**What is required**
Reproduce all the data exactly, without pictures.

**Data extract**

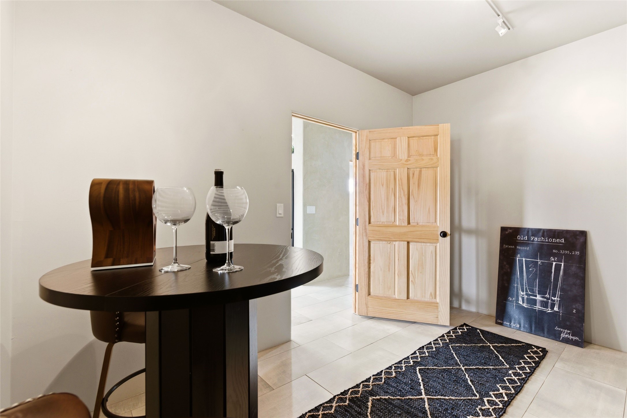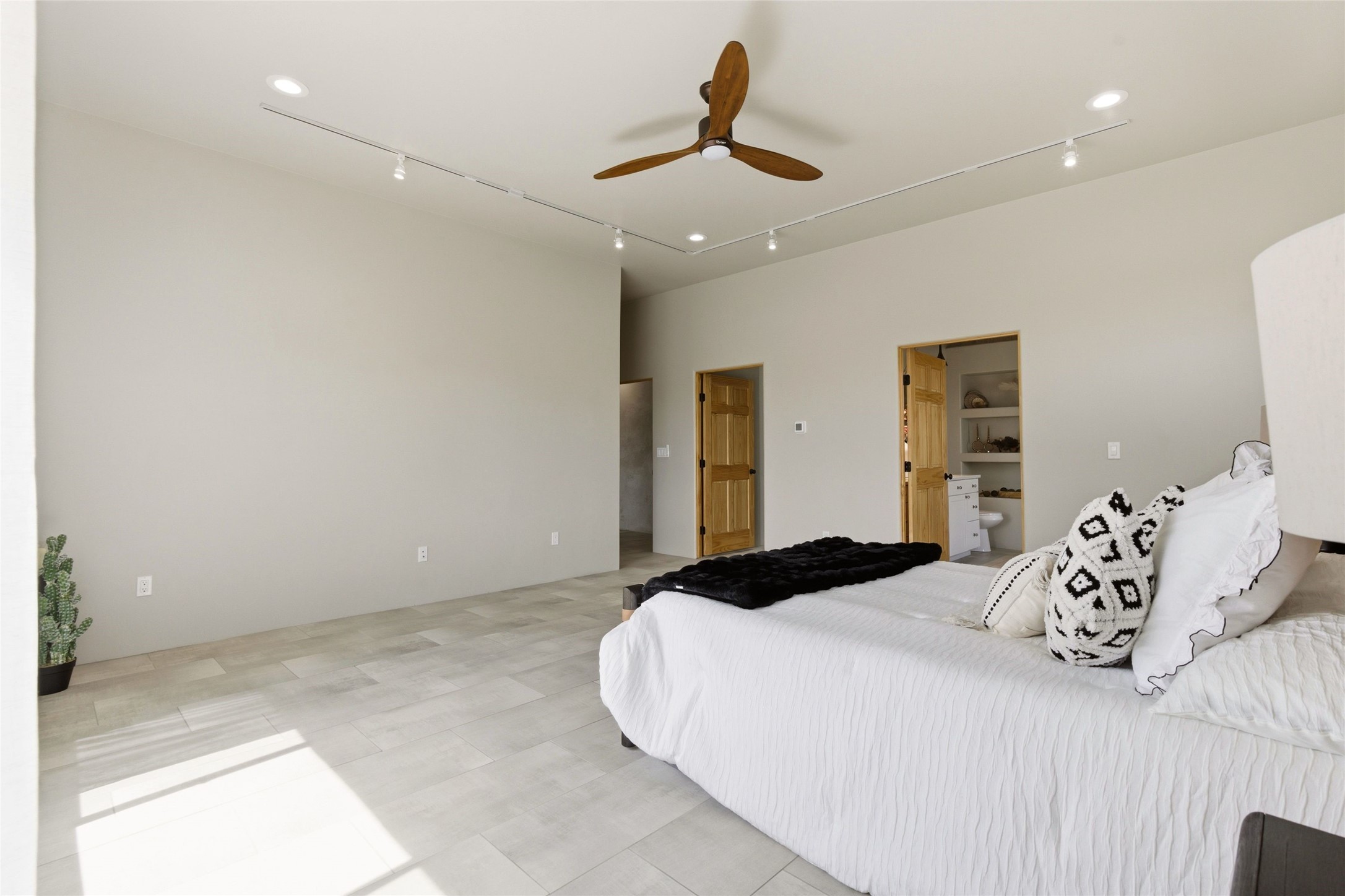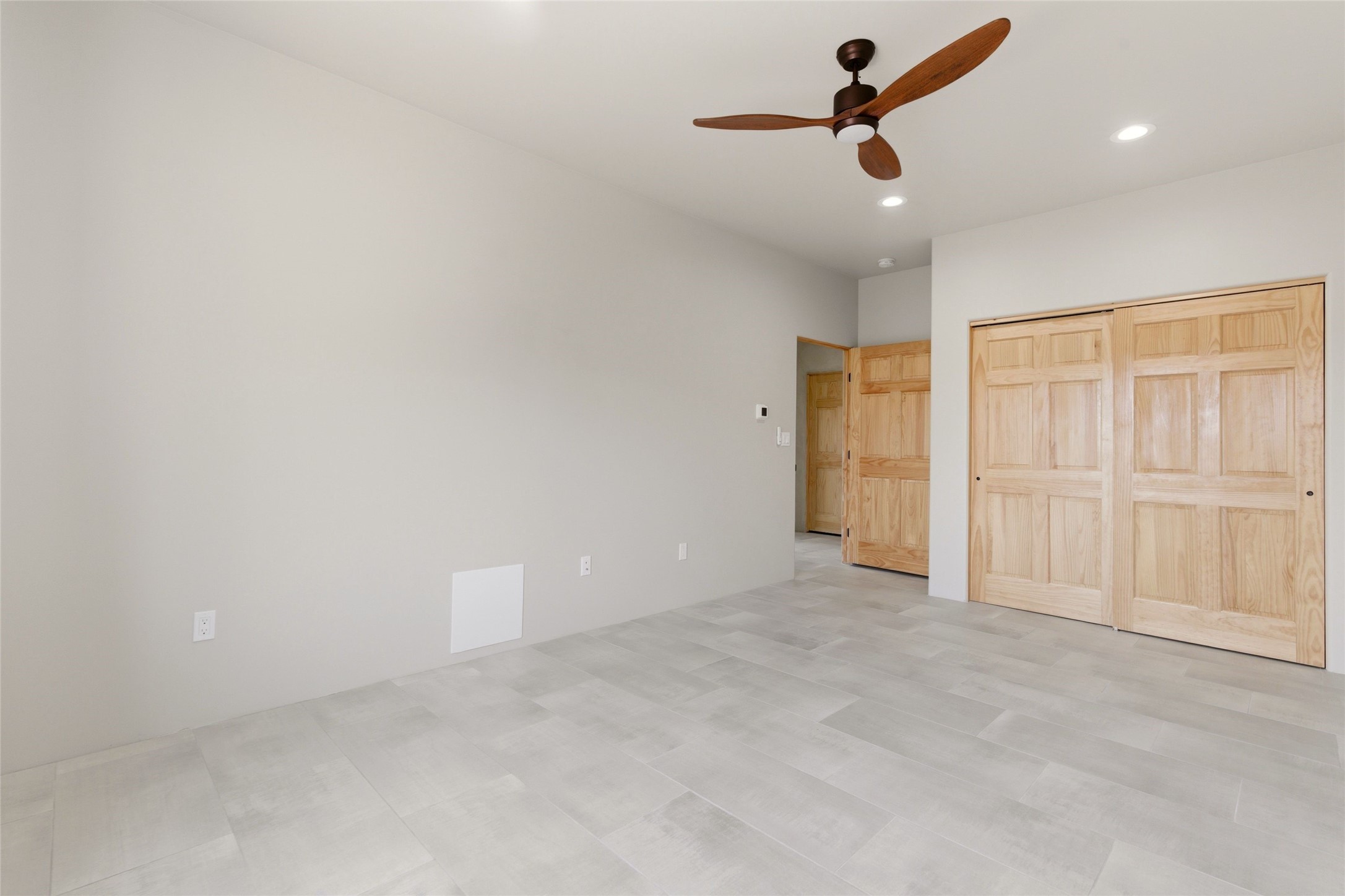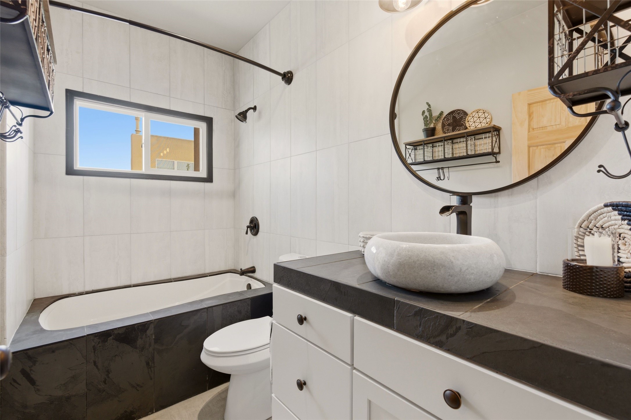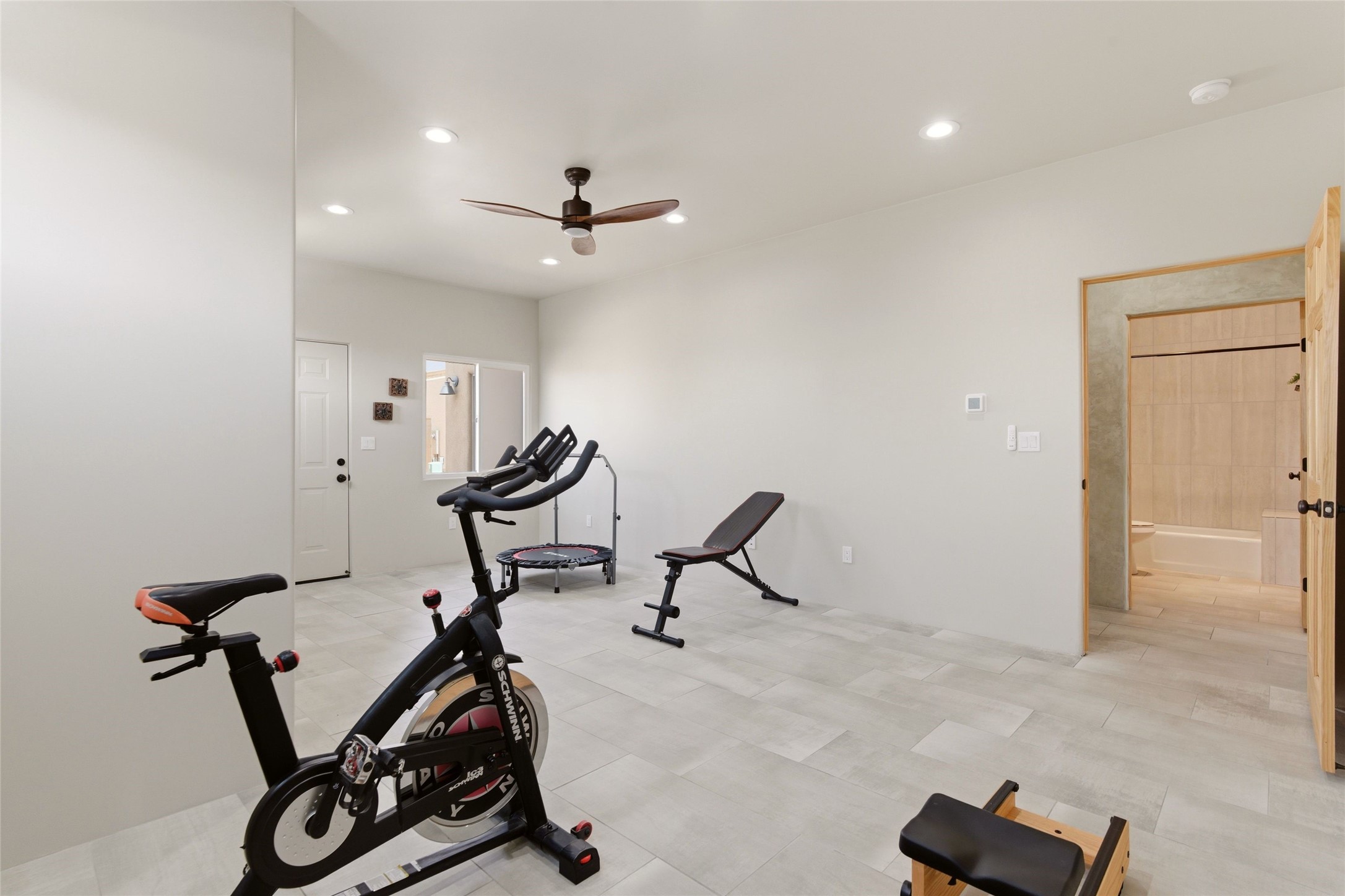 Sophistication meets classic Santa Fe style at 32 Calle Lemita, a beautifully designed home in the sought-after Aldea de Santa Fe community. This 3-bedroom, 3-bath residence sits on a 0.16-acre lot, offering abundant natural light and partial sunset views. The open-concept layout features soaring ceilings, upscale finishes, and seamless flow between the living, dining, and kitchen areas--ideal for everyday living and entertaining. The living room showcases a stacked stone fireplace, traditional vigas, and plaster walls throughout the main living spaces. The chef's kitchen is equipped with premium cabinetry with soft-close drawers, quartz countertops, designer tile backsplash, stainless steel appliances, and an large pantry/storage room (other options are wine storage/tasting room/office space). The primary suite offers a spa-like bath, an exceptionally customized walk-in closet, a separate shower, and a jacuzzi tub. Two additional oversized bedrooms provide flexibility for guests, office space, or hobbies. A dedicated laundry room includes a sink and built-in cabinetry. The home also features whole-house radiant heating and cooling. Adjacent to the heated and cooled four-car garage is a versatile flex space, ideal for a home gym or studio. Outdoor living includes a private enclosed courtyard and elevated patio designed to capture Santa Fe's stunning sunsets. There is also a side yard with dog run and doggy door into the heated/cooled garage.Additional upgrades include LED recessed lighting, floor-to-ceiling tile in select bathrooms, carved stone sinks, and other custom touches. Located about 20 minutes from the Santa Fe Plaza, Aldea de Santa Fe offers walking trails, pickleball, tennis, basketball courts, and community spaces near dining, galleries, and cultural attractions. Whether you're looking for a full-time residence or a lock-and-leave getaway, this home offers a perfect combination of comfort, privacy, and connection to Santa Fe's vibrant lifestyle.
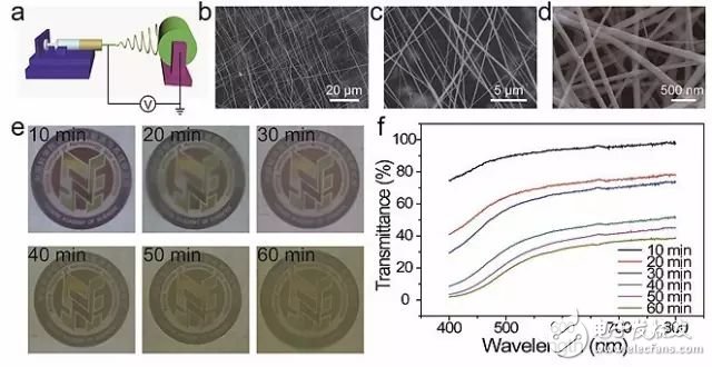 图2. PI纳米纤维的制造、结构与透射光谱。(a)通过静电纺丝制造PI空气过滤器的示意图;(b)(c)(d)具有不同放大倍率的PI空气纳米纤维的SEM图像;(e)静电纺丝时间为10至60分钟的PI过滤器照片;(f)不同纺丝时间对应PI纳米纤维膜的透射光谱。
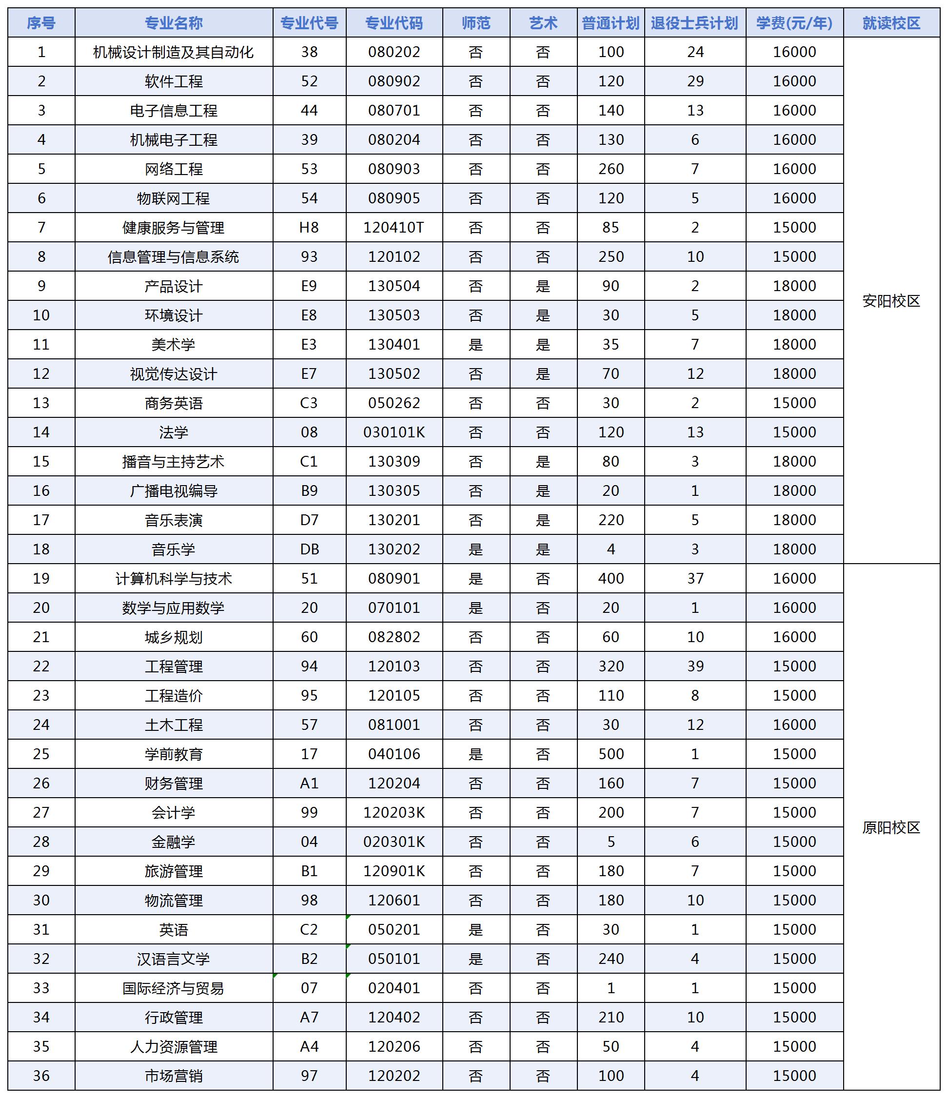 安阳学院2025年专升本招生计划一览表

**Expected output**
 Sophistication meets classic Santa Fe style at 32 Calle Lemita, a beautifully designed home in the sought-after Aldea de Santa Fe community. This 3-bedroom, 3-bath residence sits on a 0.16-acre lot, offering abundant natural light and partial sunset views. The open-concept layout features soaring ceilings, upscale finishes, and seamless flow between the living, dining, and kitchen areas--ideal for everyday living and entertaining. The living room showcases a stacked stone fireplace, traditional vigas, and plaster walls throughout the main living spaces. The chef's kitchen is equipped with premium cabinetry with soft-close drawers, quartz countertops, designer tile backsplash, stainless steel appliances, and an large pantry/storage room (other options are wine storage/tasting room/office space). The primary suite offers a spa-like bath, an exceptionally customized walk-in closet, a separate shower, and a jacuzzi tub. Two additional oversized bedrooms provide flexibility for guests, office space, or hobbies. A dedicated laundry room includes a sink and built-in cabinetry. The home also features whole-house radiant heating and cooling. Adjacent to the heated and cooled four-car garage is a versatile flex space, ideal for a home gym or studio. Outdoor living includes a private enclosed courtyard and elevated patio designed to capture Santa Fe's stunning sunsets. There is also a side yard with dog run and doggy door into the heated/cooled garage.Additional upgrades include LED recessed lighting, floor-to-ceiling tile in select bathrooms, carved stone sinks, and other custom touches. Located about 20 minutes from the Santa Fe Plaza, Aldea de Santa Fe offers walking trails, pickleball, tennis, basketball courts, and community spaces near dining, galleries, and cultural attractions. Whether you're looking for a full-time residence or a lock-and-leave getaway, this home offers a perfect combination of comfort, privacy, and connection to Santa Fe's vibrant lifestyle.
 图2. PI纳米纤维的制造、结构与透射光谱。(a)通过静电纺丝制造PI空气过滤器的示意图;(b)(c)(d)具有不同放大倍率的PI空气纳米纤维的SEM图像;(e)静电纺丝时间为10至60分钟的PI过滤器照片;(f)不同纺丝时间对应PI纳米纤维膜的透射光谱。
 安阳学院2025年专升本招生计划一览表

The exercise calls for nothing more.